НА СИНИЧКЕ


Последний день июля. Солнце перевалило за полдень. Погода стоит жаркая, тихая. Небо чистое, ни облачка. Парит, даже в лесу душно.

Самолеты ни на минуту не прекращают бомбежку, изматывают нервы. Одно звено бомбардировщиков сменяется другим. Над лесом стоит сплошной рев моторов, трескотня пулеметов и грохот бомб. Кажется, не будет конца этой адской молотилке.

Во второй половине дня где-то за каменной грядой прогремел гром, который мы сначала приняли за грохот взрывов. Раскаты повторились более отчетливо, как будто великан стучал в ворота, пробивая себе дорогу в горы. Повеял легкий ветерок. Зашелестели листья на деревьях. Из-за гребня гор появилась черная туча. Она клубилась и быстро заволакивала вершины гор, надвигаясь на нас. Видя приближение грозы, фашистские бомбардировщики, как нашкодившие псы, поспешили скрыться.

Над нами еще жарко светило солнце, а дальние вершины скрылись за свинцово-серыми потоками дождя. Вдруг резкий порыв свежего ветра нагнул деревья, посыпались листья, зашуршала трава. Послышался нарастающий шум. Разводами сверкнули ослепительные молнии, и с грозным треском грянул гром, заставивший партизан присесть. Заржали перепуганные кони. В эту же секунду водопадом обрушился дождь и, как из ушата, окатил нас холодной водой. Водяные потоки хлынули с гор в долины. А гроза раз за разом повторяла ошеломляющие удары. Казалось, горы ходили ходуном.

– Такая сила электроэнергии пропадет даром! — прокричал сидевший рядом со мною Гапоненко. — Вот бы запрячь этого коника. Сколько бы он эшелонов потянул!

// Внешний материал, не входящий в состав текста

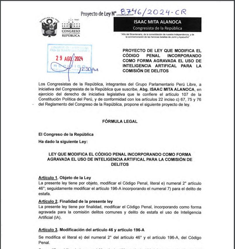 En la exposición de motivos del proyecto de ley que promueve desde la bancada de Perú Libre se indica que, actualmente “pese a que los delitos informáticos sí están contemplados en el Código Penal vigente, el recurso de la IA carece de regulación”.

Гроза так же быстро прошла, как и налетела. Но ливень сменился обильным градом. Тут уж было не до шуток. Отшлифованные льдинки величиной с голубиное яйцо сыпались сплошными полосами. Люди прятались под деревья, защищали головы вещмешками, полевыми сумками, плащ-палатками и всем, что попадало под руки. Больше всего доставалось лошадям. Они жалобно ржали, обрывали поводья и метались между деревьями, пытаясь спастись от беспощадных ударов града. Но все напрасно.

Наконец белая полоса ледяного дождя, измолотив нас, насадив синяков и шишек, начала удаляться на северо-восток, продолжая сокрушать листья деревьев и посевы. Над нами вновь засверкало солнце и осветило землю, покрытую толстым слоем льдинок. Партизаны наполняли ими котелки, ждали, пока они растают, и пили холодную, чистую воду.

Продрогшие люди выходили на полянки, подставляли спины под теплые лучи солнца, снимали и выкручивали промокшую до нитки одежду. Полчаса назад мы изнывали от жары, а теперь радовались теплу.

Ездовые и кавалеристы бегали по лесу, разыскивали сорвавшихся лошадей.

– Ну и душ. Никогда не думал, что в июле можно так замерзнуть, — лязгая зубами, проговорил Юра Корольков.

– Всю жизнь будешь помнить Карпаты, — сказал Стрелюк.

– Я их и так не забуду. Они у меня в печенке застряли…

– Тише, товарищи! — насторожился Сережа Рябченков. — Шумит.

– Опять ливень? — спросил посиневшими губами Маркиданов.

– Бежим, хлопцы! — прокричал Журов и устремился к опушке леса.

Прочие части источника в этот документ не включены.